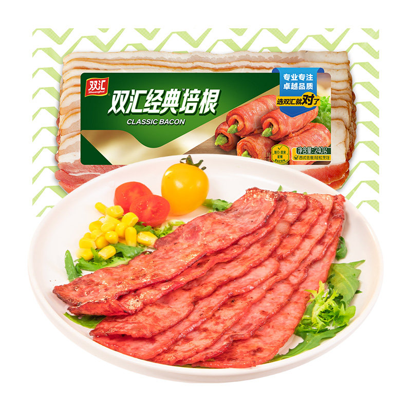 > 双汇培根肉240g培根肉早餐家用儿童手抓饼专用三明治肉片官方旗舰
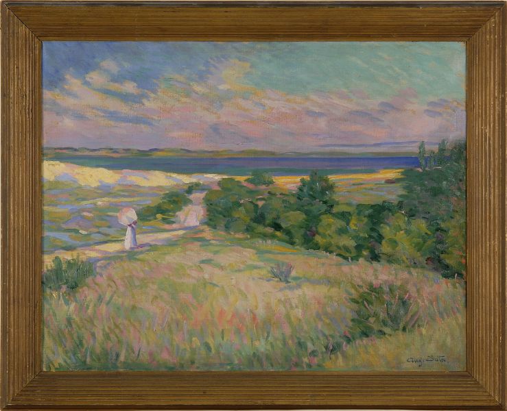 A woman with a parasol strollling the dunes, possibly Sandy Neck, Barnstable.
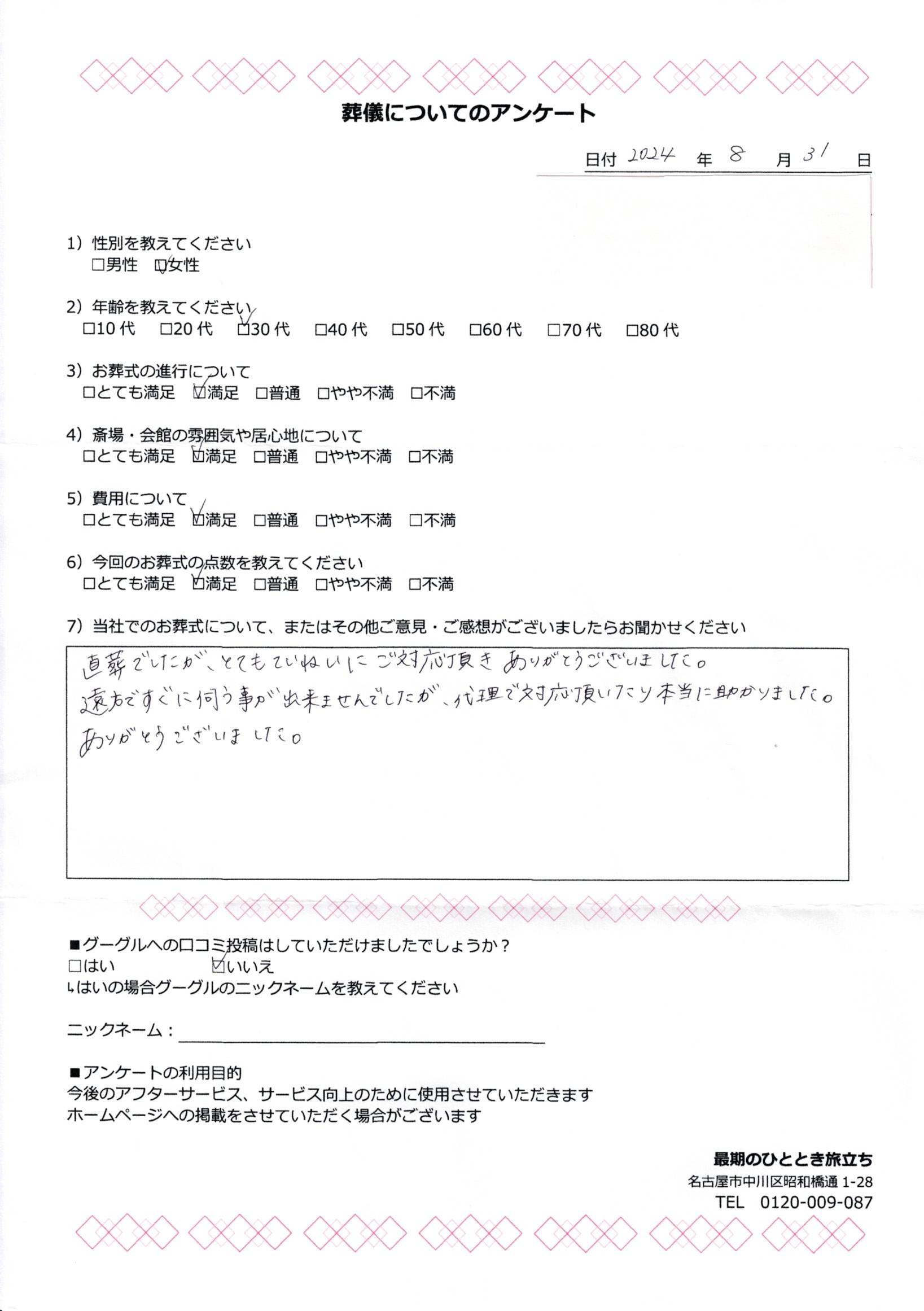 2025/04/08 Scan2025-04-08_183503 無料で今すぐ相談する 葬儀・家族葬に関する疑問やお悩みは、お気軽にご相談ください。 ご相談・お問合わせ・お見積もりは無料です。 最期のひととき旅立ちまでお気軽にお問い合わせください。 葬儀・家族葬のご相談はこちら >> 無料で今すぐ相談する 葬儀・家族葬に関する疑問やお悩みは、お気軽にご相談ください。 ご相談・お問合わせ・お見積もりは無料です。 最期のひととき旅立ちまでお気軽にお問い合わせください。 葬儀・家族葬のご相談はこちら >> ≪ひとつ古い記事へ

━━━━━━━━━━

Prompt: Could the data above be copied out exactly, with no pictures kept?

Solution to this task:
 > 双汇培根肉240g培根肉早餐家用儿童手抓饼专用三明治肉片官方旗舰
 A woman with a parasol strollling the dunes, possibly Sandy Neck, Barnstable.
 2025/04/08 Scan2025-04-08_183503 無料で今すぐ相談する 葬儀・家族葬に関する疑問やお悩みは、お気軽にご相談ください。 ご相談・お問合わせ・お見積もりは無料です。 最期のひととき旅立ちまでお気軽にお問い合わせください。 葬儀・家族葬のご相談はこちら >> 無料で今すぐ相談する 葬儀・家族葬に関する疑問やお悩みは、お気軽にご相談ください。 ご相談・お問合わせ・お見積もりは無料です。 最期のひととき旅立ちまでお気軽にお問い合わせください。 葬儀・家族葬のご相談はこちら >> ≪ひとつ古い記事へ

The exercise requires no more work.